┌─ Given entries

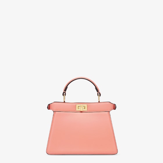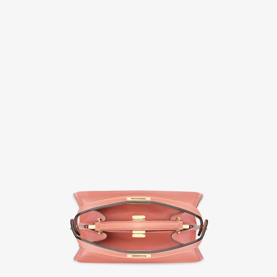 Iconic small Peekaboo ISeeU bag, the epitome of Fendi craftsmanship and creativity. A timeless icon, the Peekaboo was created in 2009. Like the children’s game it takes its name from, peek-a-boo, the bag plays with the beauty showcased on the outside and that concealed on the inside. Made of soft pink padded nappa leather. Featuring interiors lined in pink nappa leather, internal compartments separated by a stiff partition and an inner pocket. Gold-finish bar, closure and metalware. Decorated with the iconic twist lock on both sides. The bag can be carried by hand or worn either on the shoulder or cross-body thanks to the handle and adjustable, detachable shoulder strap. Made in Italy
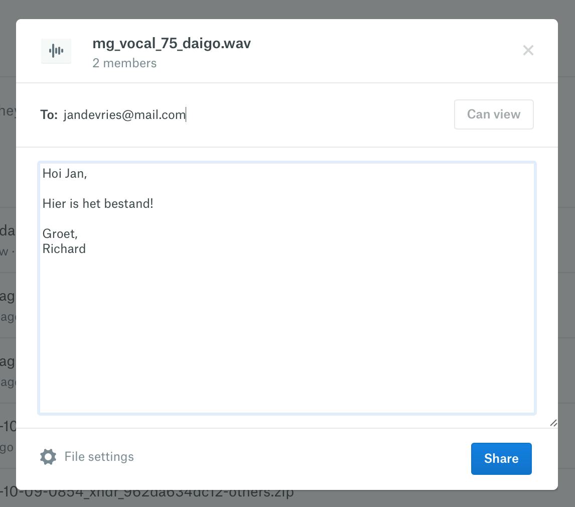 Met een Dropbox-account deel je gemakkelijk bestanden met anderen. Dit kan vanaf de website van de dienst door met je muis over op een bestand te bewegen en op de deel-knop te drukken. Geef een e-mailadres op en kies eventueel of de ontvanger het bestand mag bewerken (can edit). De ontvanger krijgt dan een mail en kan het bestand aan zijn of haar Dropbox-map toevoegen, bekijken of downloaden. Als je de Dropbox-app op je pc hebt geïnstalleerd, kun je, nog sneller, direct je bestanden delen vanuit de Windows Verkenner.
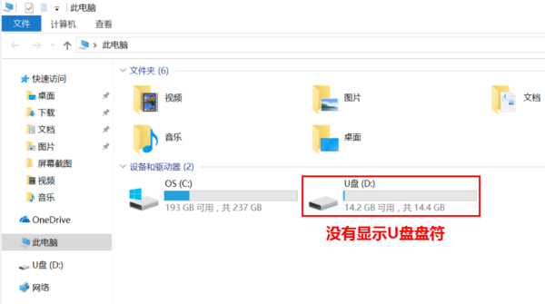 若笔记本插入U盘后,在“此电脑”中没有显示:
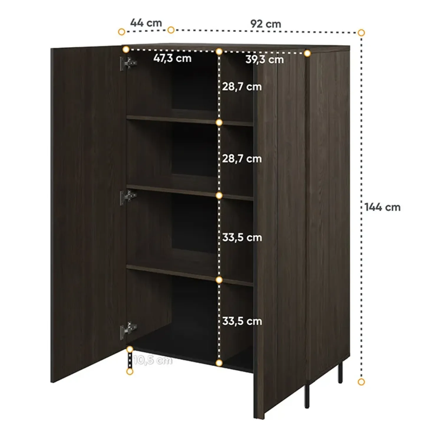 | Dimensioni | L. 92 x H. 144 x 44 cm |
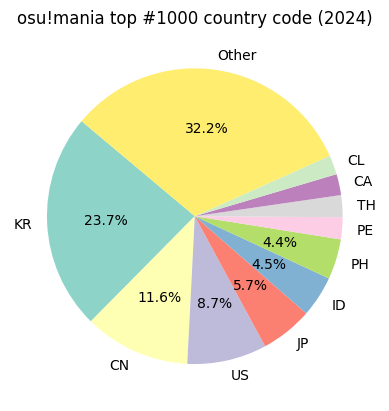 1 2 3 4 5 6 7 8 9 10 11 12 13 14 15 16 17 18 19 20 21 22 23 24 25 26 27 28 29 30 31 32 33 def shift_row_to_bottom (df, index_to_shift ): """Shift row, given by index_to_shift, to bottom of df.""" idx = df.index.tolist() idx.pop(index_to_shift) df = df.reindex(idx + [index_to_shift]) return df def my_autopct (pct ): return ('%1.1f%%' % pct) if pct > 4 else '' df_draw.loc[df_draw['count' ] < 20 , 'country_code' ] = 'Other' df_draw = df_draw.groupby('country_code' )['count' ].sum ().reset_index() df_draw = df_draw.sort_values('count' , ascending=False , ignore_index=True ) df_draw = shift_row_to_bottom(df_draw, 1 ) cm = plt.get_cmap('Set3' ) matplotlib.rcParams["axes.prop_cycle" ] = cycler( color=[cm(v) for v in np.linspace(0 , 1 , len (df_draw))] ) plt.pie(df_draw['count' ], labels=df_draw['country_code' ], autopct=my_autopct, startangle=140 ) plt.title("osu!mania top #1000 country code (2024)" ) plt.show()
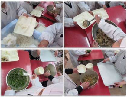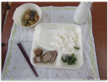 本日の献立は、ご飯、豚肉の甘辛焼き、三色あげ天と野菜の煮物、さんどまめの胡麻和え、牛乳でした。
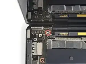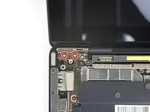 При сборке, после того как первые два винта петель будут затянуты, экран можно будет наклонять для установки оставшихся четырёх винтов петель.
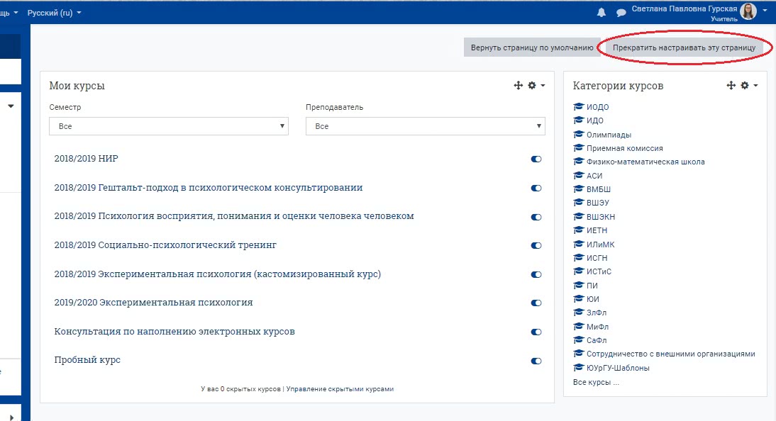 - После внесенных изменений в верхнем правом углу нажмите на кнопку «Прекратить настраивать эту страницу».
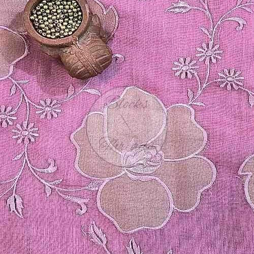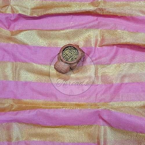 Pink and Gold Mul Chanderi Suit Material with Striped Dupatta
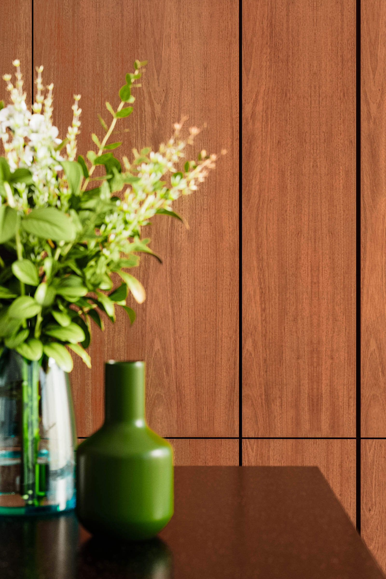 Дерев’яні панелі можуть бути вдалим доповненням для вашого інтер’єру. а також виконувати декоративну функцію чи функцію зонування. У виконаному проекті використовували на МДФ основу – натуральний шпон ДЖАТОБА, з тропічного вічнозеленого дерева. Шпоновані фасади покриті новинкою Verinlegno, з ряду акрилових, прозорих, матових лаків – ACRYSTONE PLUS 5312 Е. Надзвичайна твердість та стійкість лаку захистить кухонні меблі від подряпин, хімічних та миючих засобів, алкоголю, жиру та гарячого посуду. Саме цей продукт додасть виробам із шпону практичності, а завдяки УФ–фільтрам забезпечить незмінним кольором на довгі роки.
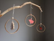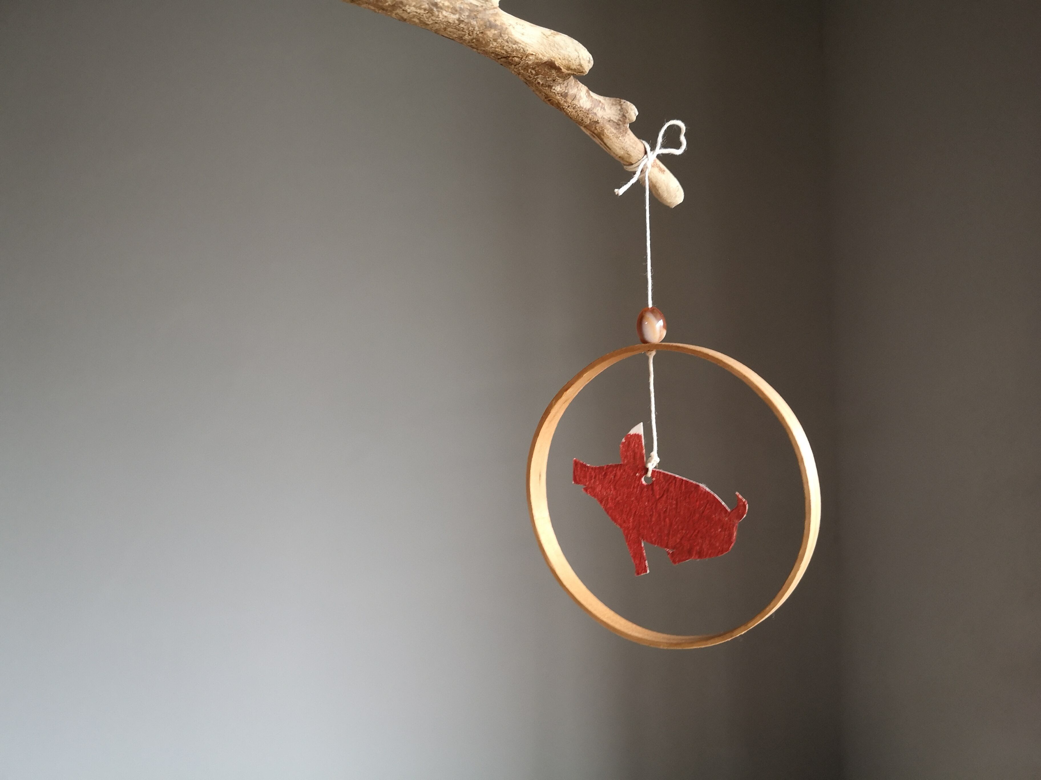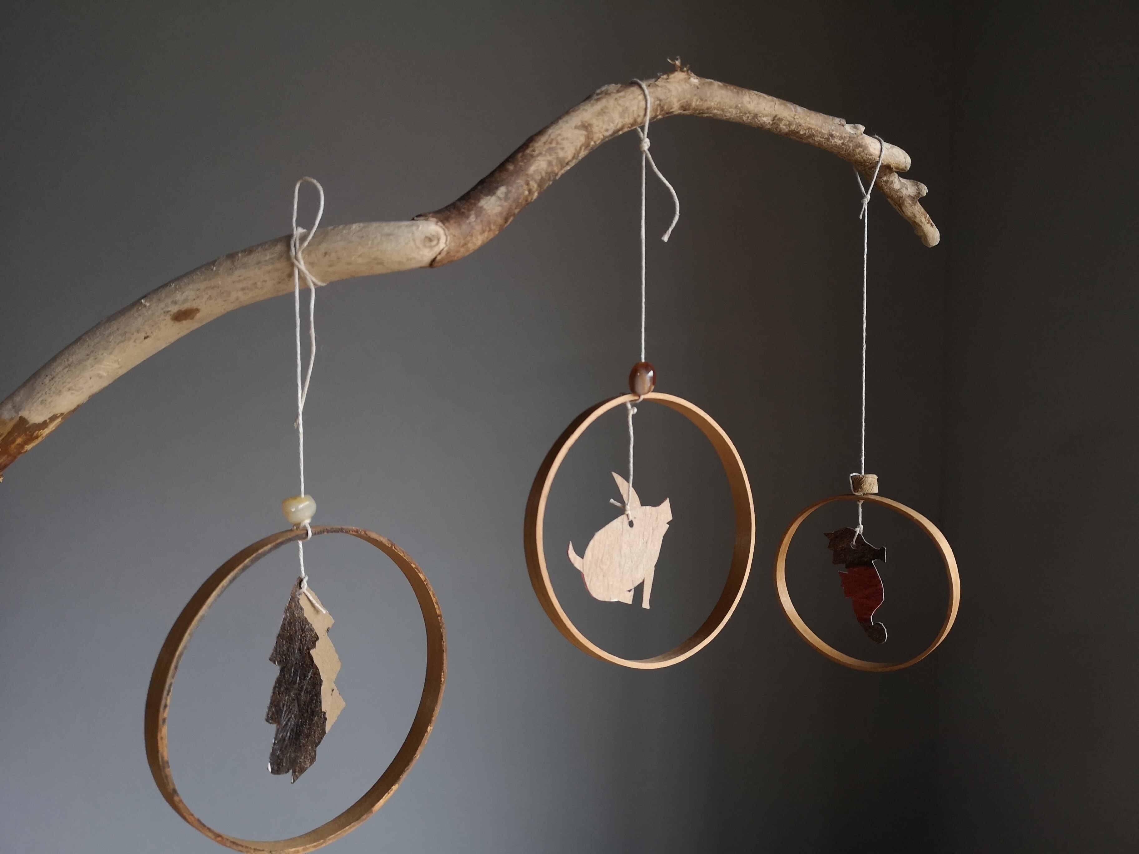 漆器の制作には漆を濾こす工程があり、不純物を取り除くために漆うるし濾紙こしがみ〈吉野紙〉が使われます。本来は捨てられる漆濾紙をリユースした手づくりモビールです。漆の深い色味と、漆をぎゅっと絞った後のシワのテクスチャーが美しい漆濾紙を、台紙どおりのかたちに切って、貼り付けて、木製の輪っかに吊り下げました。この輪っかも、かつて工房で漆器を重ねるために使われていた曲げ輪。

└─

Work to be completed: Only the lines starting at the one with "Met een Dropbox-account" and ending at the one with "144 x 44 cm |" should be printed, each exactly as it appears in the material above; the pictures are to be omitted.

Task response:
 Met een Dropbox-account deel je gemakkelijk bestanden met anderen. Dit kan vanaf de website van de dienst door met je muis over op een bestand te bewegen en op de deel-knop te drukken. Geef een e-mailadres op en kies eventueel of de ontvanger het bestand mag bewerken (can edit). De ontvanger krijgt dan een mail en kan het bestand aan zijn of haar Dropbox-map toevoegen, bekijken of downloaden. Als je de Dropbox-app op je pc hebt geïnstalleerd, kun je, nog sneller, direct je bestanden delen vanuit de Windows Verkenner.
 若笔记本插入U盘后,在“此电脑”中没有显示:
 | Dimensioni | L. 92 x H. 144 x 44 cm |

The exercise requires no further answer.